Of note, the CReg CD59 expression did not follow a specific pattern compared to TCC formation. However, the duration of HS exposition was very short. In an injury model of cartilage explants, an increase in gene expression of CD59 and clusterin—another TCC inhibitor—was measured after 4 days of HS stimulation [41]. Interestingly, CD55 and CD59 were shown to be expressed in disc cells (even freshly isolated) and rapidly increased under culture with 5% heat-inactivated FBS. At protein level, CD46 did not seem to be present in freshly isolated cells and increased slower than the other complement regulatory factors CD55 and CD59. These results indicate for the first time that IVD cells differentially express CRegs supporting some functional relevance of the complement system in IVD tissues.

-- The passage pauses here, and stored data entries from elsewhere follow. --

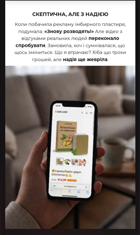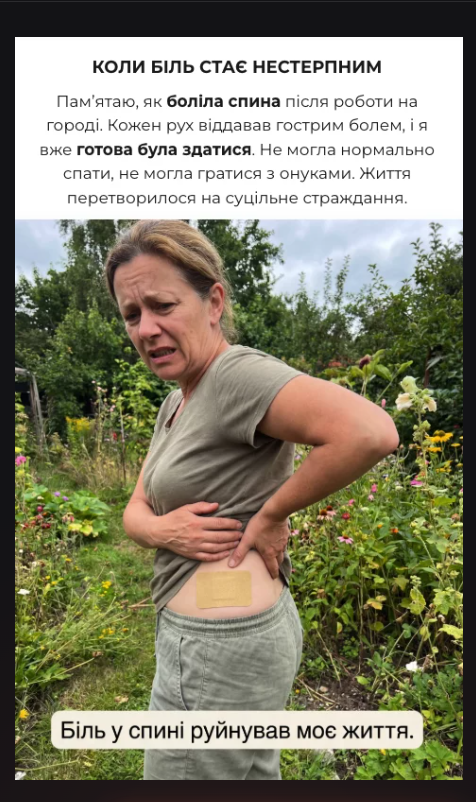 Використовую при болю в попереку. Дуже зручно — наклеїла і займаюся своїми справами. Біль стає значно меншим вже через 20–30 хвилин. Сподобалось, що склад натуральний.
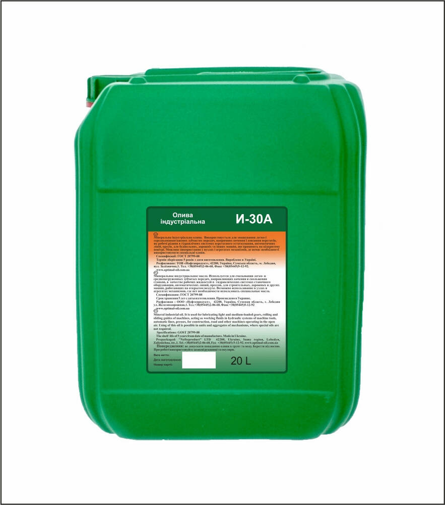 Індустріальна олива І-30А - дистилятна олива або суміш залишкової та дистилятної нафтових олив, отриманих із сірчистих та малосірчистих нафт селективного очищення.
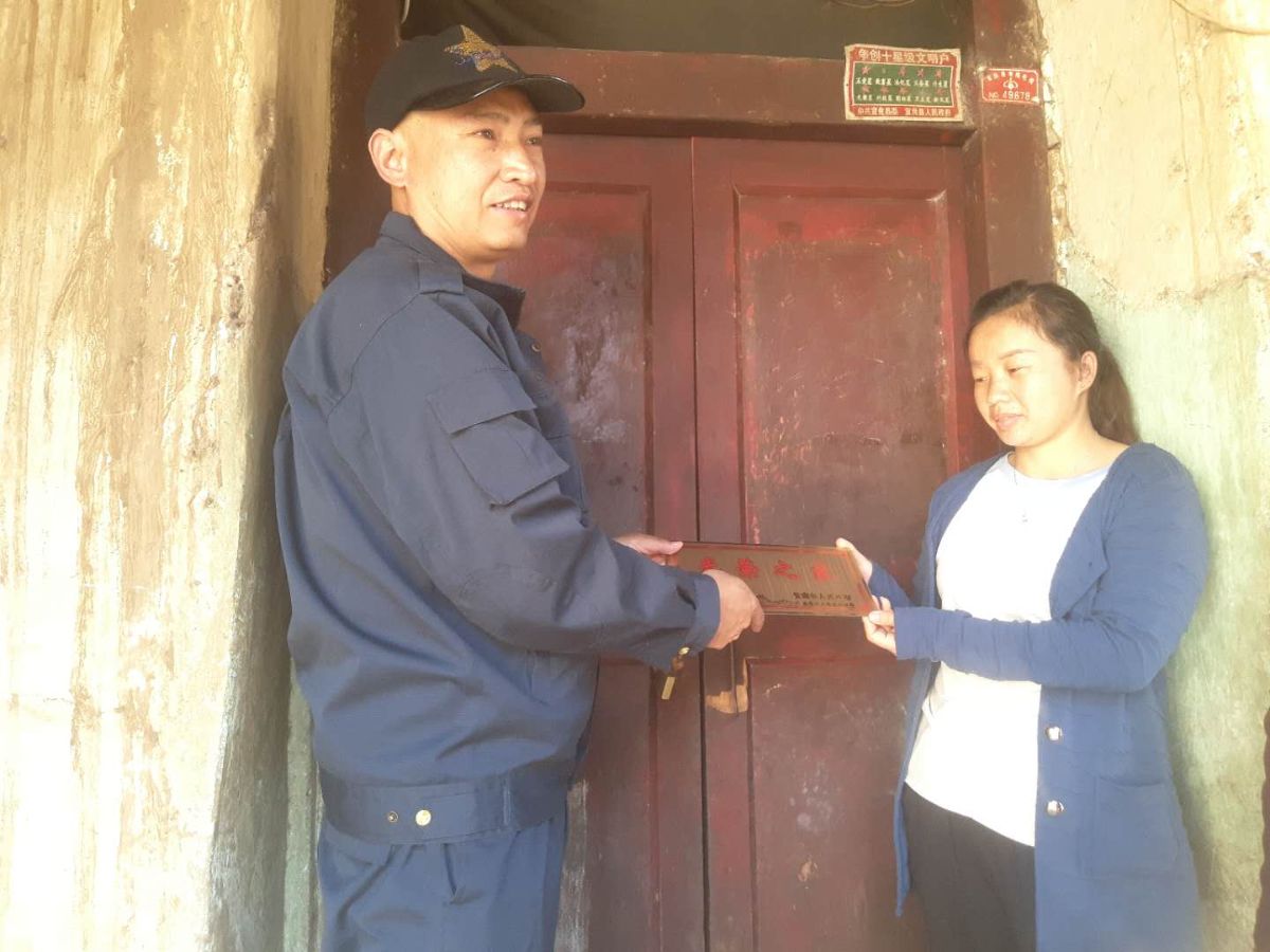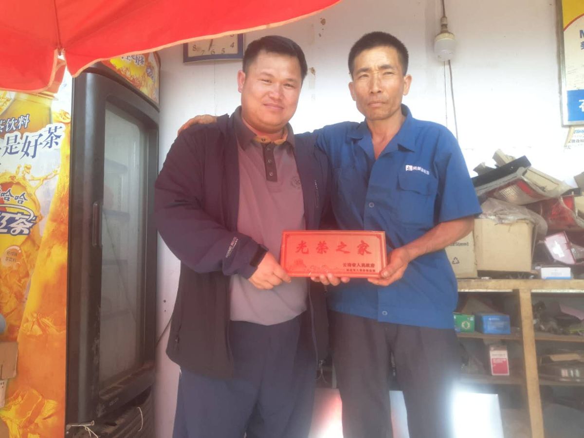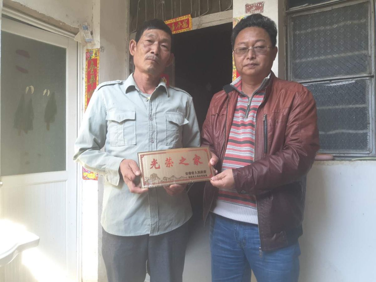 镇领导为烈属、军属和退役军人等家庭代表华润各村(社区)发放“光荣之家”牌。
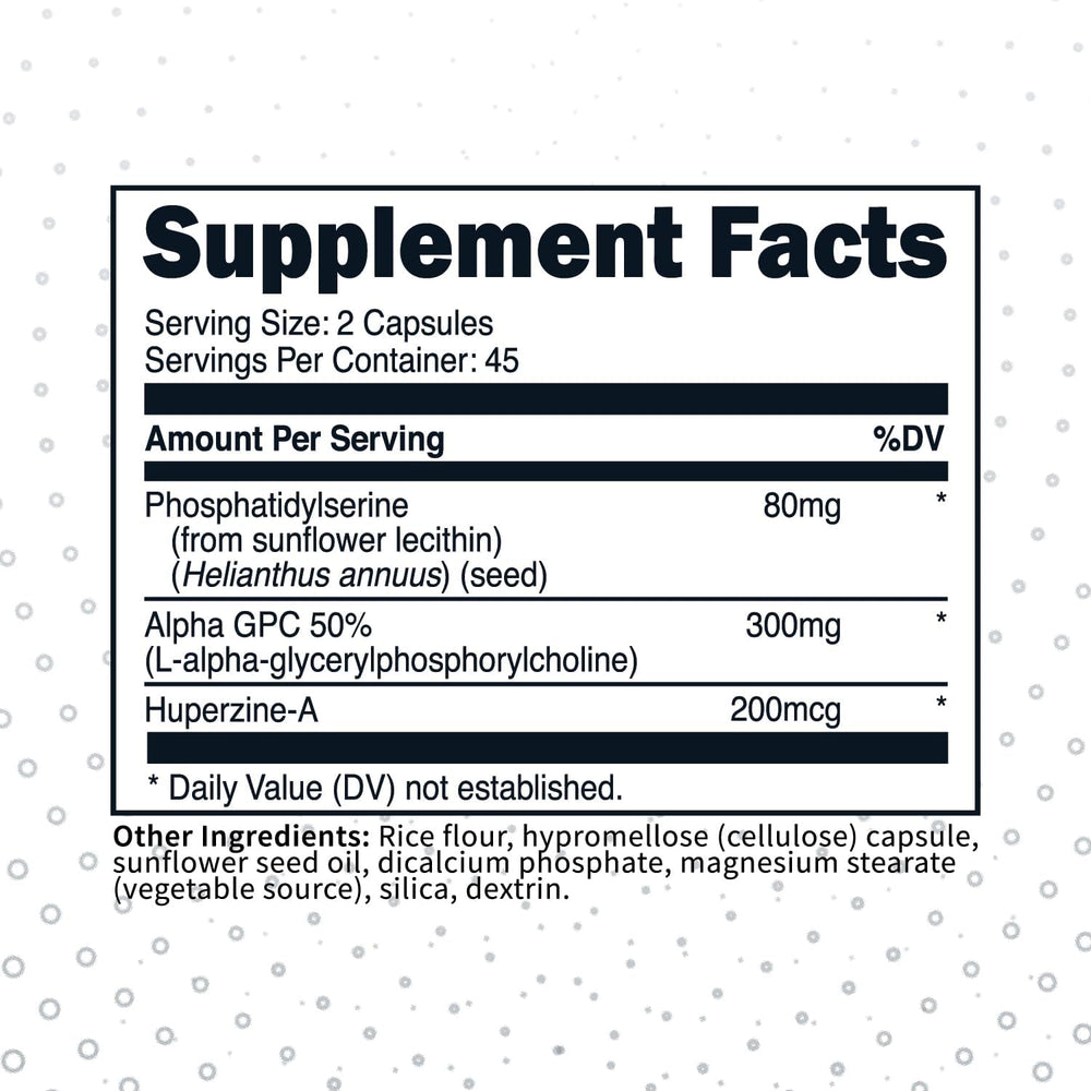Suplemento Nootrópico 3X Fuerza con Alpha GPC y Huperzina A
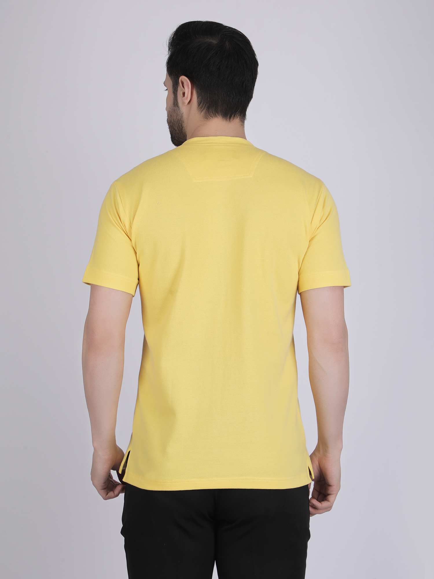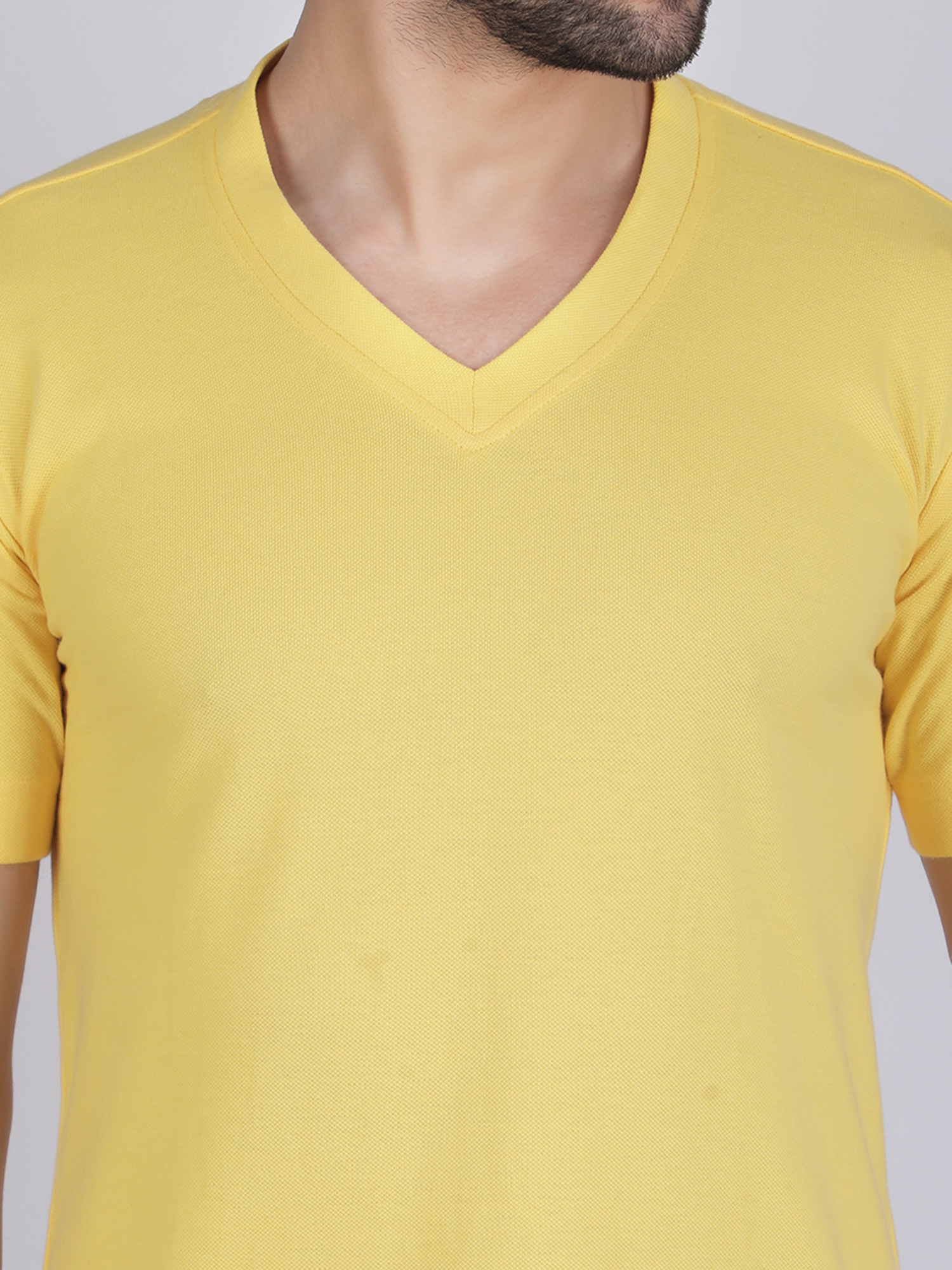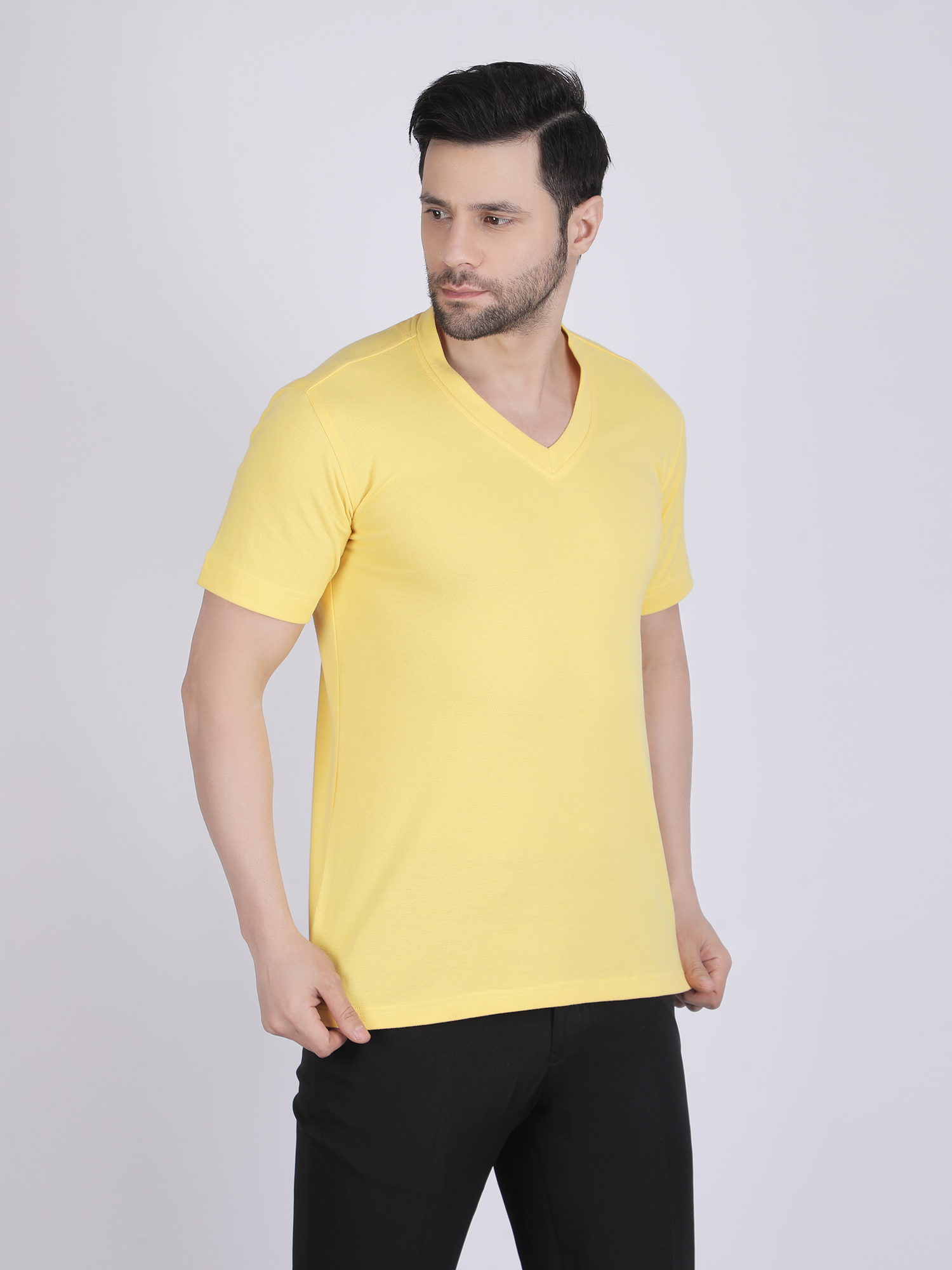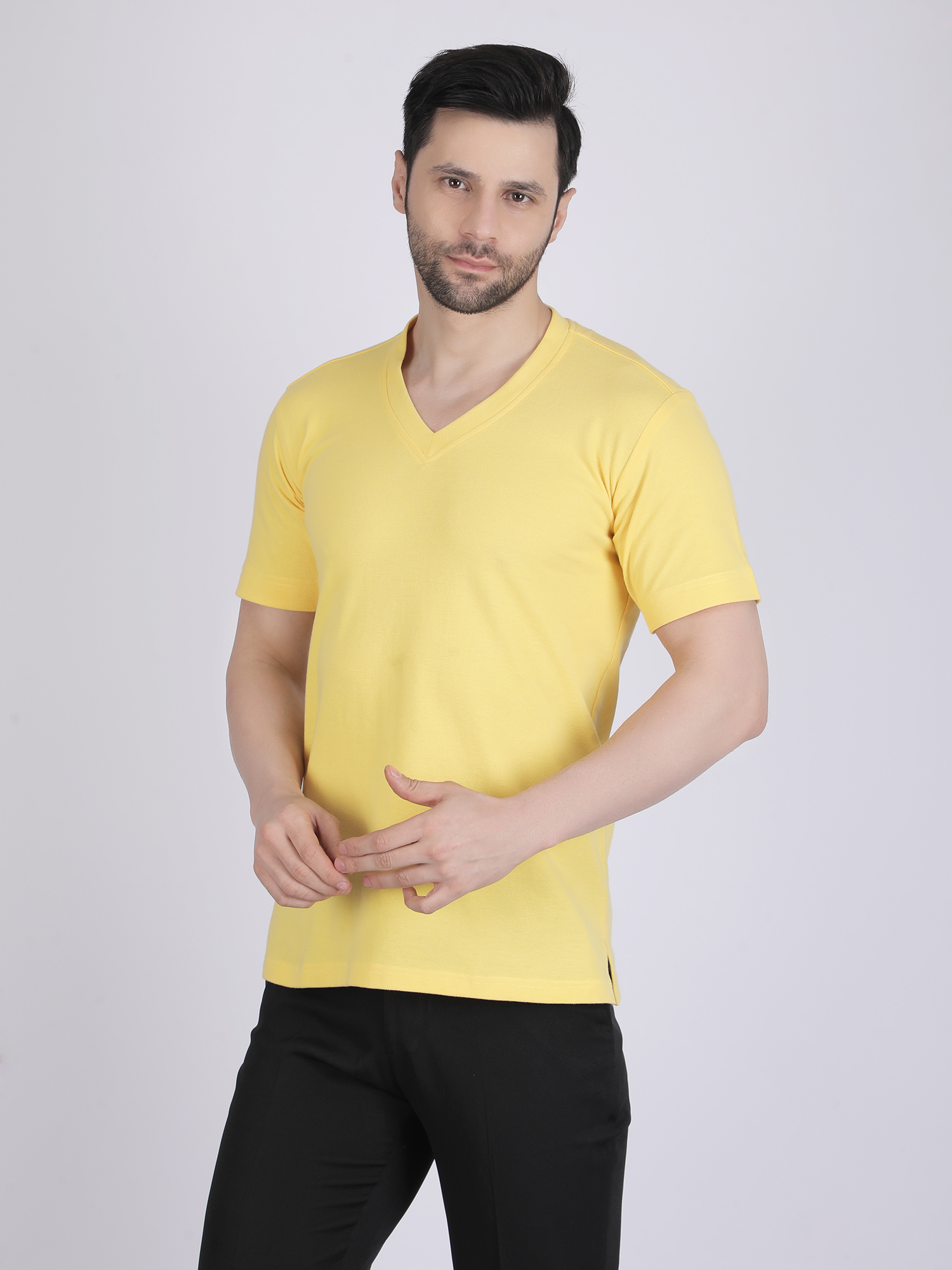 Vibrant yellow V-neck t-shirt for men – comfort meets style in this versatile casual essential.
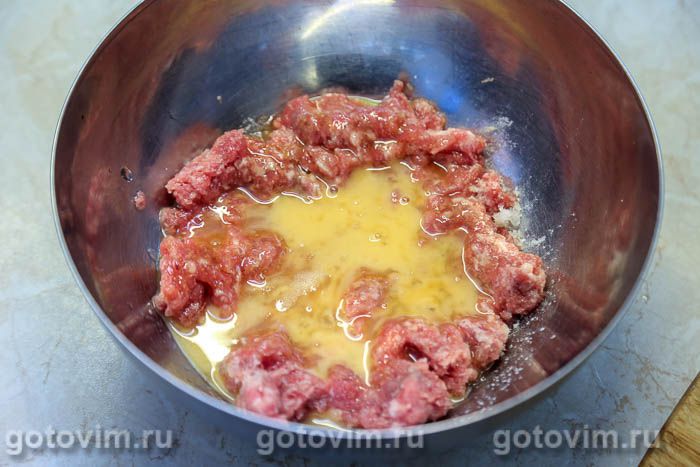 Мясной фарш посолить, поперчить, добавить немного сахара. Положить яйцо.
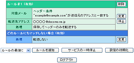 の順番にマッチングが行われます。ルールに合致した場合はその時点でマッチングは終了し、以降のルールのマッチングは行いません。どのルールにも合致しなかったメールは転送されません。

Based on findings for osteoarthritis [42], inhibition of TCC formation could be a promising therapeutic strategy against DD. This work presents substantial new information on the cell biological connection between IL-1β, CTSD and TCC formation in IVD tissue, which might open new perspectives to identify more effective DD therapeutic targets. We propose CTSD as an interesting candidate. Its inhibition might not only directly protect from degradation of extracellular matrix components but also attenuate inflammation and tissue degeneration induced by tRAS, as well as from complement activation associated processes. With respect to TCC involvement in disc degeneration, further studies are important to better understand the complexity of underlying mechanisms of its regulation and potential contribution to inflammation and cell death.

Conclusion

Our findings indicate that TCC deposition can spontaneously occur in vitro in the presence of HS in a concentration-dependent manner. This confirms that human disc cells are not completely protected against TCC formation, although they express a certain capacity of CRegs. Our results also show that CTSD, an aspartic acid protease which plays a role in tRAS and complement activation, increases TCC deposition in NP tissue. In contrast, IL-1β seems to inhibit complement activation in AF and EP to a certain extent. Elucidation of the complex mechanisms of complement modulation in DD and its interplay with other pathogenetic processes holds great promise for identification of novel therapeutic targets.